The biggest concern was the end of March warning from Apple supplier Taiwan Semiconductor Manufacturing Co. (TSM). Chairman Mark Liu suggested demand was slowing down in prime Apple markets such as smartphones and PCs. The chip manufacturer further suggested demand is especially weak in China, where Apple has the 3rd largest market by sales based on FY21 numbers.

Apple Revenue by Region

Apple FY21 earnings release

The biggest slowdown impact is likely in the lower-tier smartphones where Apple doesn’t operate, but any lower demand in premium smartphones will hurt the tech giant.

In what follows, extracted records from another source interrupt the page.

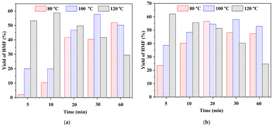 Effect of temperature on HMF conversion. (a) [CholineCl][Citric acid], (b) [CholineCl][Oxalic acid]. Reaction conditions: fructose (1 mmol), DESs (5 mmol), over various reaction times (5, 10, 20, 30, and 60 min, respectively).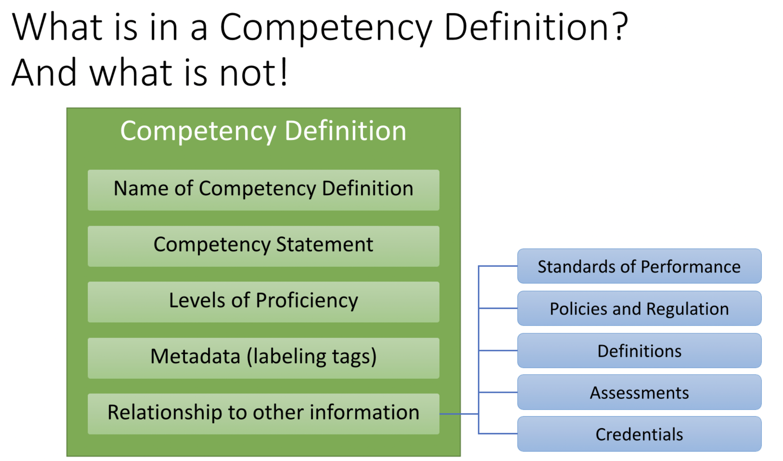 Competency definitions can connect to other things, such as Standards of Performance, Policies and Regulations, Definition, Assessment, Credentials other other things (at Ibbaka we frequently connect them to Roles and to Goals)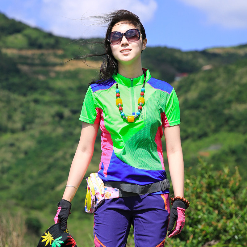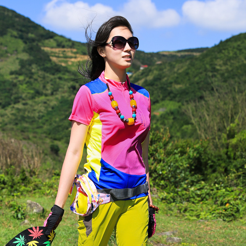 Outdoor speed dry dress girl short sleeve T-shirt splicing elasticity repair slim wet absorption sweat fast dry clothes walking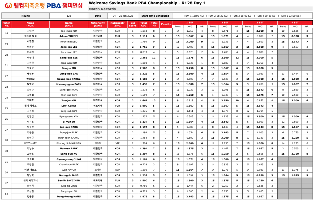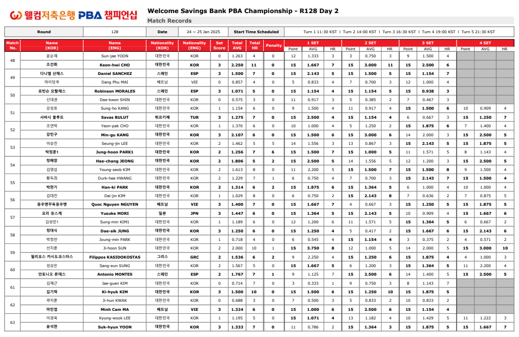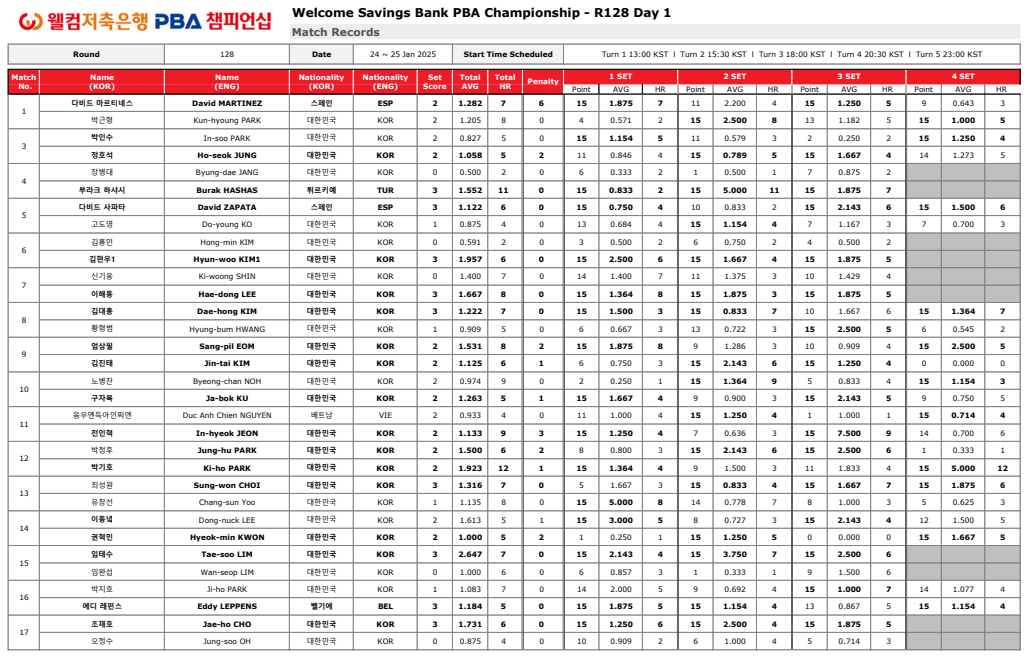 1. 웰컴저축은행 PBA 챔피언십128강 경기결과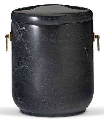 Runde Marmorurne in Schwarz zylindrisch, flacher Deckel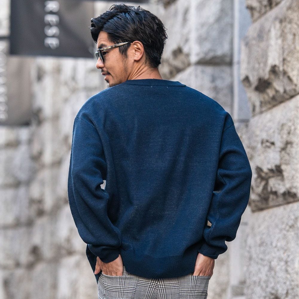 CavariA【キャバリア】クルーネック ジャガードロゴ長袖ニット/全6色ニット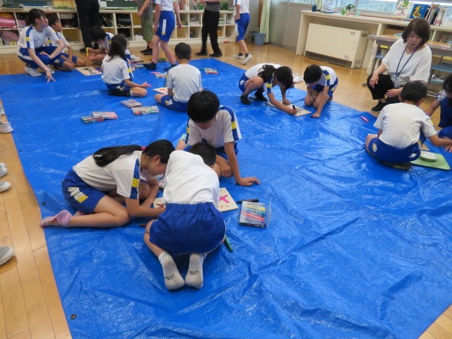 6月20日に縦割り班でかいた、桜の看板を、5・6年生が仕上げをしました。

Remember, Apple saw substantial sales pull forward beyond smartphones, with Macs and iPad sales jumping to record sales levels for products struggling in previous periods to even grow.

In total, sales surged in FY21 by a massive $91 billion to reach $366 billion. Historically, Apple has seen iPhone cycles pull forward demand, and the 5G iPhone released at the end of 2020 was such a scenario.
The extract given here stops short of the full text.